Purchase Orders shall be accepted by Supplier, either by system confirmation or written confirmation. Unless otherwise agreed with Heartland Enterprises (Heartland), such confirmation shall occur within three (3) Business Days.

By acceptance of the Purchase Order, Supplier commits to deliver Materials and/or Services in accordance with the requirements and provisions of the Agreement. The Purchase Order is comprised by the provisions in;

  • Special Conditions, when referenced and attached in the Purchase Order
  • Unless superseded by any other Purchasing Terms, modified or amended, and referenced in the Purchase Order
  • Agreement Price and other compensation details attached to or included in the Purchase Order
  • Agreement Schedule and/or Agreement milestone Delivery Date(s) attached to or included in the Purchase Order

No modification of, or amendment to, the Purchase Order shall be binding for Heartland, unless agreed to in writing and specifically labeled as a modification or amendment. The terms and conditions of the Purchase Order shall be the only terms and conditions applicable hereto, and Heartland Enterprises hereby rejects any terms and conditions submitted by Supplier in any proposal or acknowledgement not modified or amended as specified above.

Unless otherwise agreed in writing, Supplier shall deliver in accordance with the revision of the requirement documents applicable at the date of Purchase Order acceptance.

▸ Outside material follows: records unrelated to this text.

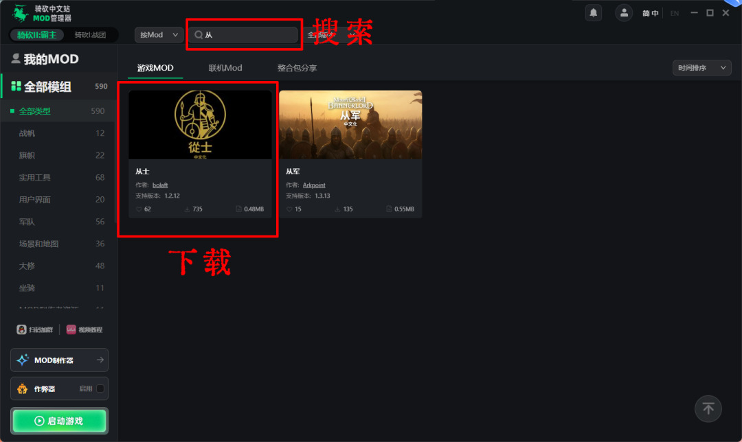 也可以直接百度搜索“骑砍中文站 下载中心”,进入下载站后搜索“从士”进行下载。
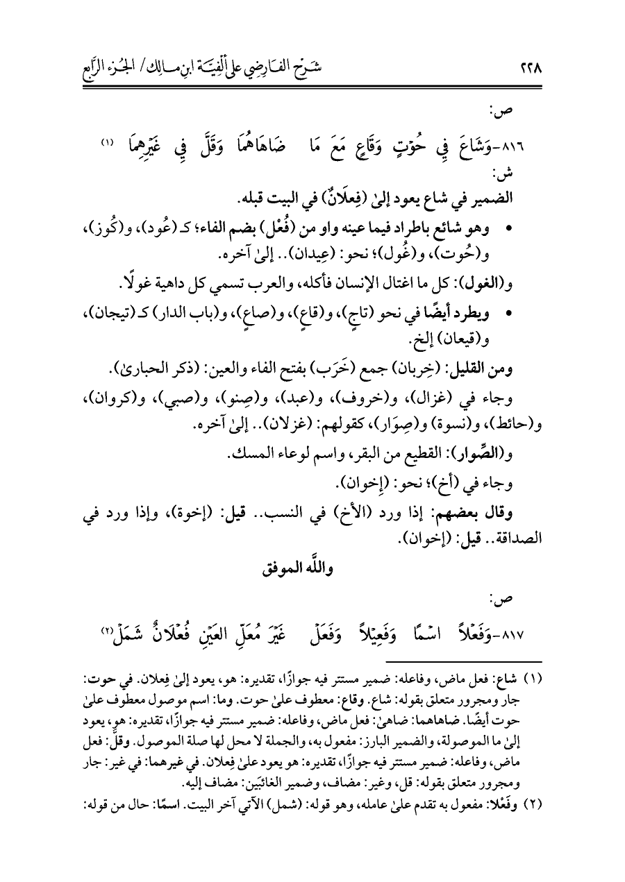 (¬١) شاع: فعل ماض، وفاعله: ضمير مستتر فيه جوازًا، تقديره: هو، يعود إلى فِعلان. في حوت: جار ومجرور متعلق بقوله: شاع. وقاع: معطوف على حوت. وما: اسم موصول معطوف على حوت أيضًا. ضاهاهما: ضاهى: فعل ماض، وفاعله: ضمير مستتر فيه جوازًا، تقديره: هو، يعود إلى ما الموصولة، والضمير البارز: مفعول به، والجملة لا محل لها صلة الموصول. وقلَّ: فعل ماض، وفاعله: ضمير مستتر فيه جوازًا، تقديره: هو يعود على فِعلان. في غيرهما: في غير: جار ومجرور متعلق بقوله: قل، وغير: مضاف، وضمير الغائبَين: مضاف إليه.
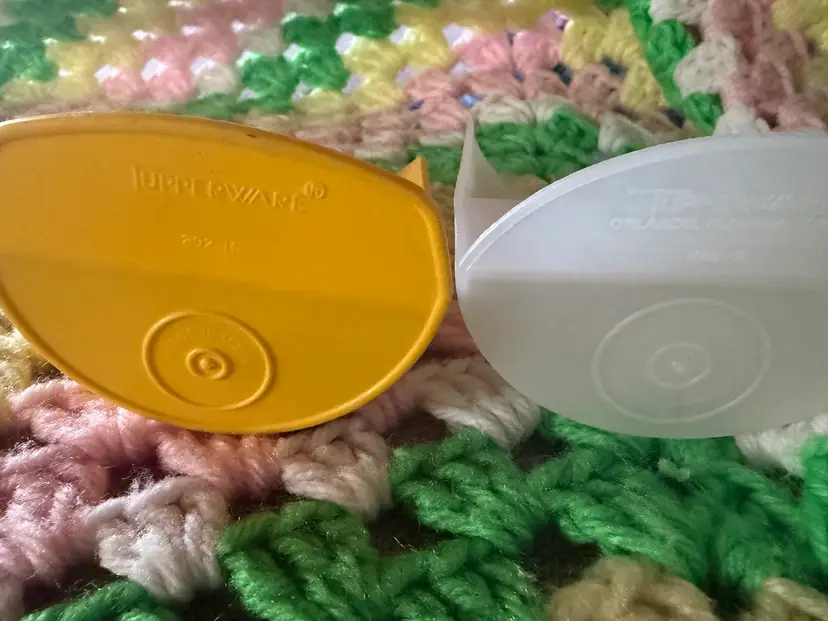Fabulous condition lot of two Tupperware Scoops. Harvest Gold and clear, no stickyness on either scoop, ready to add some style to your kitchen! Flour, sugar, puppy chow, kitty food, granola, all the snacks!

Heartland shall ensure the adequacy of requirements prior to communication to the Supplier including requirements for:

The processes, products, and services to be provided including the identification of relevant technical data (e.g., specifications, drawings, process requirements, work instructions);

  • The approval of:
    • Products and services;
    • Methods, processes, and equipment;
    • The release of products and services;
    • Competence, including any required qualification of persons;
    • Suppliers’ interactions with the organization;
  • Control and monitoring of the external providers’ performance to be applied by the organization;
  • Verification or validation activities that the organization, or its customer, intends to perform at the external providers’ premises;
  • Design and development control;
  • Special requirements, critical items, or key characteristics;
  • Test, inspection, and verification (including production process verification);
  • The use of statistical techniques for product acceptance and related instructions for acceptance by the organization;
  • The need to:
    • Implement a quality management system;
    • Use customer-designated or approved external providers, including process sources (e.g., special processes);
    • Notify the organization of nonconforming processes, products, or services and obtain approval for their disposition;
    • Prevent the use of counterfeit parts;
    • Notify the organization of changes to processes, products, or services, including changes of their external providers or location of manufacture, and obtain the organization’s approval;
    • Flow down to external providers applicable requirements including customer requirements;
    • Provide test specimens for design approval, inspection/verification, investigation, or auditing;
    • Retain documented information, including retention periods and disposition requirements;
  • The right of access by the organization, their customer, and regulatory authorities to the applicable areas of facilities and to applicable documented information, at any level of the supply chain;
  • Ensuring that persons are aware of their:
    • Contribution to product or service conformity;
    • Contribution to product safety;
    • Importance of ethical behavior.

Supplier represents and warrants that the Services and Deliverables will (a) be of top industry standards, (b) be of the best materials and workmanship, (c) be new and of the best quality in every respect (unless otherwise specified in the Purchase Order); (d) comply with all laws, including those pertaining to manufacturing, supply and delivery, and meet or exceed the minimum standards required by any applicable governmental authorities; (e) are fit for the use intended, (f) are merchantable, (g) are free from all defects in design, workmanship, and material, and (h) are manufactured in strict accordance with the plans or specifications accepted by Purchaser and to the tolerance levels specified by Purchaser. Supplier further agrees to repair to like new condition, reperform, refund, or replace, in Purchaser’s sole discretion, and at Supplier’s sole cost, any Deliverables, Services, or workmanship which will be found to be defective within eighteen (18) months after delivery or performance, or at Purchaser’s option, to reimburse Purchaser for its cost of remedying such defects or non-compliance. All costs and damages incurred by Purchaser in connection with defective or non-complying Deliverables shipped or delivered and/or Services or workmanship performed by Supplier, including the cost of returning any Deliverables and/or the reperformance of any Services, will be the responsibility of Supplier. Supplier’s agreement to replace defective Deliverables and/or reperform defective Services or workmanship will be cumulative of all other remedies available to Purchaser, whether under this Agreement, any Purchase Order, or at law or equity.

Supplier shall defend, indemnify, release and hold harmless Heartland, its officers, agents, and employee’s from and against all liabilities, claims, or demands whether arising in tort, contract, or otherwise for injuries or damages to any person or property arising out of or in connection with purchase orders except to the extent caused by Heartland’s negligence or willful misconduct.

Supplier shall hold all drawings, prints, product specification, and any other product details as proprietary and confidential.